Let’s try something else:

unionTest = 
  select $
  union 
    ( from $ \person -> do
      pure (person ^. PersonName)
    )
    ( from $ \blog -> do
      pure (blog ^. BlogPostTitle)
    )

This means that union will end up returning a SqlQuery a. It takes two arguments, each of which is a query returning the same thing. We have our first attempt at a type to implement!

union
  :: SqlQuery a
  -> SqlQuery a
  -> SqlQuery a
union query0 query1 = undefined

First Attempt

Alright, so, uh, how do we make values of type SqlQuery? Let’s first look at what the type actually is:

-- | SQL backend for @esqueleto@ using 'SqlPersistT'.
newtype SqlQuery a = Q 
  { unQ :: W.WriterT SideData (S.State IdentState) a 
  }

-- | Side data written by 'SqlQuery'.
data SideData = SideData 
  { sdDistinctClause :: !DistinctClause
  , sdFromClause     :: ![FromClause]
  , sdSetClause      :: ![SetClause]
  , sdWhereClause    :: !WhereClause
  , sdGroupByClause  :: !GroupByClause
  , sdHavingClause   :: !HavingClause
  , sdOrderByClause  :: ![OrderByClause]
  , sdLimitClause    :: !LimitClause
  , sdLockingClause  :: !LockingClause
  }

-- | List of identifiers already in use and supply of temporary
-- identifiers.
newtype IdentState = IdentState 
  { inUse :: HS.HashSet T.Text 
  }

initialIdentState :: IdentState
initialIdentState = IdentState mempty

So, we use the WriterT SideData to accumulate information about the query we’re building. And then we use IdentState to keep track of identifiers in use.

Let’s look at some things that return SqlQuery values. I searched through the Database.Esqueleto.Internal.Sql module for -> SqlQuery and got some interesting results. The only function that returns a SqlQuery value in the whole module is this:

-- line 497
  withNonNull :: PersistField typ
              => SqlExpr (Value (Maybe typ))
              -> (SqlExpr (Value typ) -> SqlQuery a)
              -> SqlQuery a
  withNonNull field f = do
    where_ $ not_ $ isNothing field
    f $ veryUnsafeCoerceSqlExprValue field

Okay, so where_ is a SqlQuery function. Let’s look for it’s definition:

class (Monad query) =>
  Esqueleto query expr backend 
    | query -> expr backend
    , expr -> query backend 
    where
-- snip...

-- in Database.Esqueleto.Internal.Language, line 93
  -- | @WHERE@ clause: restrict the query's result.
  where_ :: expr (Value Bool) -> query ()

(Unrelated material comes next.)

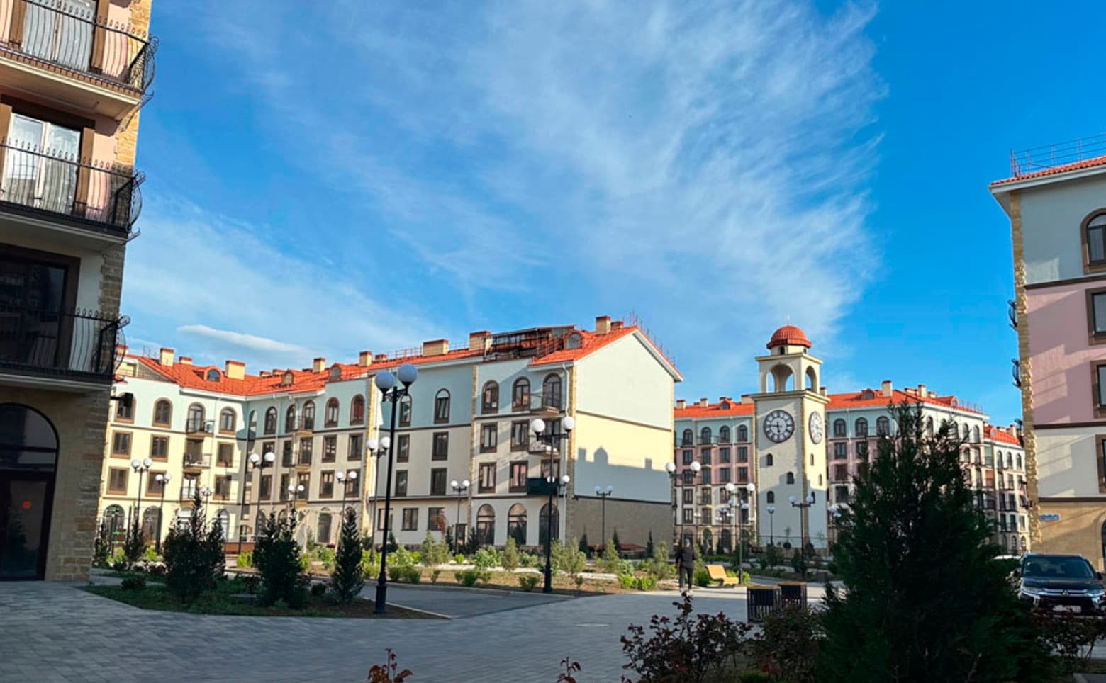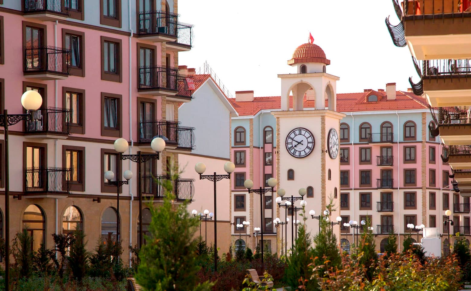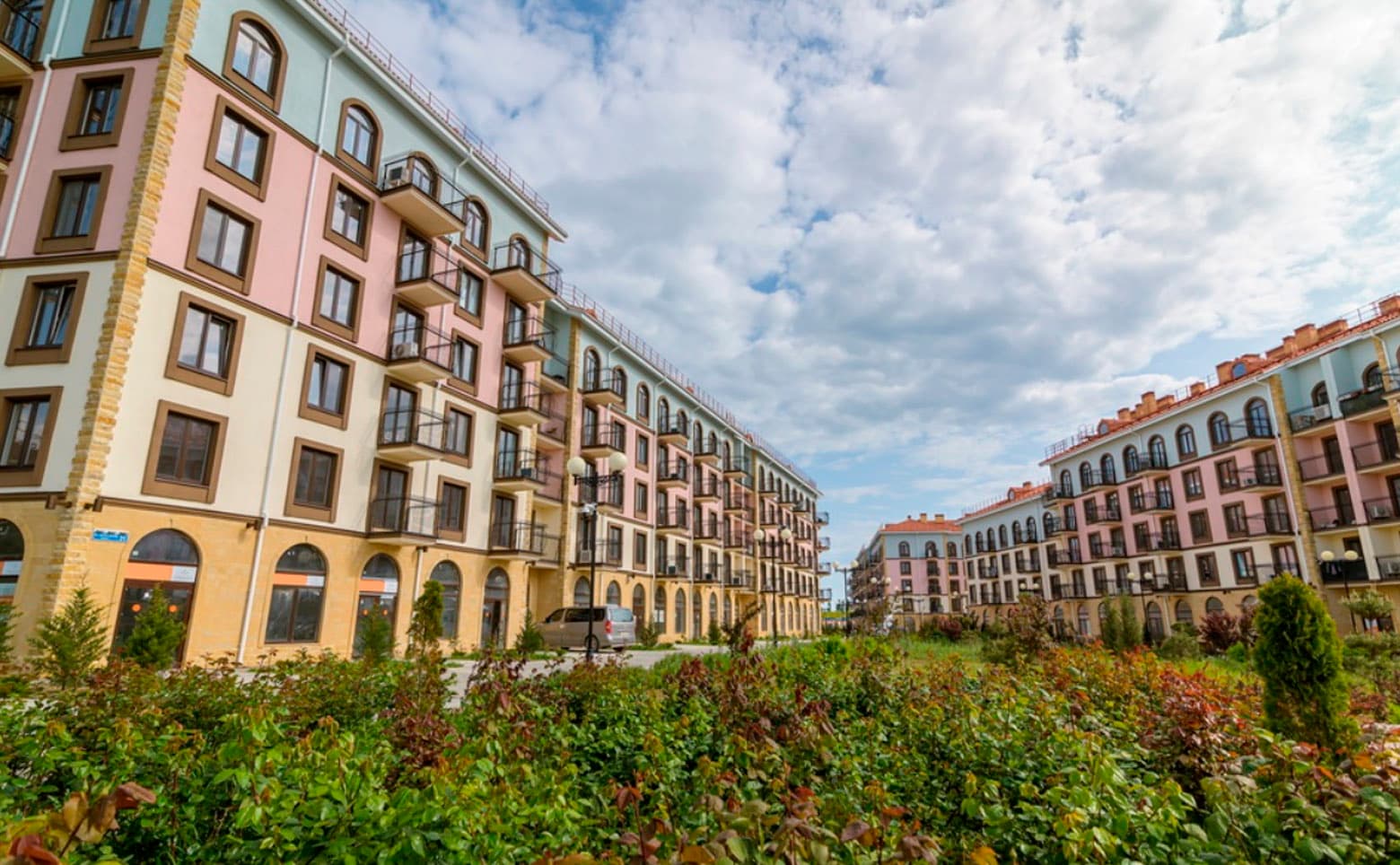 Комплекс апартаментов бизнес-класса представлен домами переменной этажности от 5 до 7 уровней. Архитектура выдержана в средиземноморском стиле с черепичными скатными крышами, козы…

The class definition has functional dependencies that basically make it so you can determine any type variable from any other. Since persistent uses the SqlBackend type for the backend, you end up needing to totally pick Esqueleto SqlQuery SqlExpr SqlBackend, and you can’t vary any of those types.

Okay, let’s find the instance definition:

-- line 452 in Database.Esqueleto.Internal.Sql
  where_ expr = Q $ W.tell mempty { sdWhereClause = Where expr }

  on expr = Q $ W.tell mempty { sdFromClause = [OnClause expr] }

  groupBy expr = Q $ W.tell mempty { sdGroupByClause = GroupBy $ toSomeValues expr }

  having expr = Q $ W.tell mempty { sdHavingClause = Where expr }

  locking kind = Q $ W.tell mempty { sdLockingClause = Monoid.Last (Just kind) }

There’s actually a bunch, and they mostly just tell about a part of the query we’re building. Cool. This may be useful soon, but it’s not immediately obvious to me how.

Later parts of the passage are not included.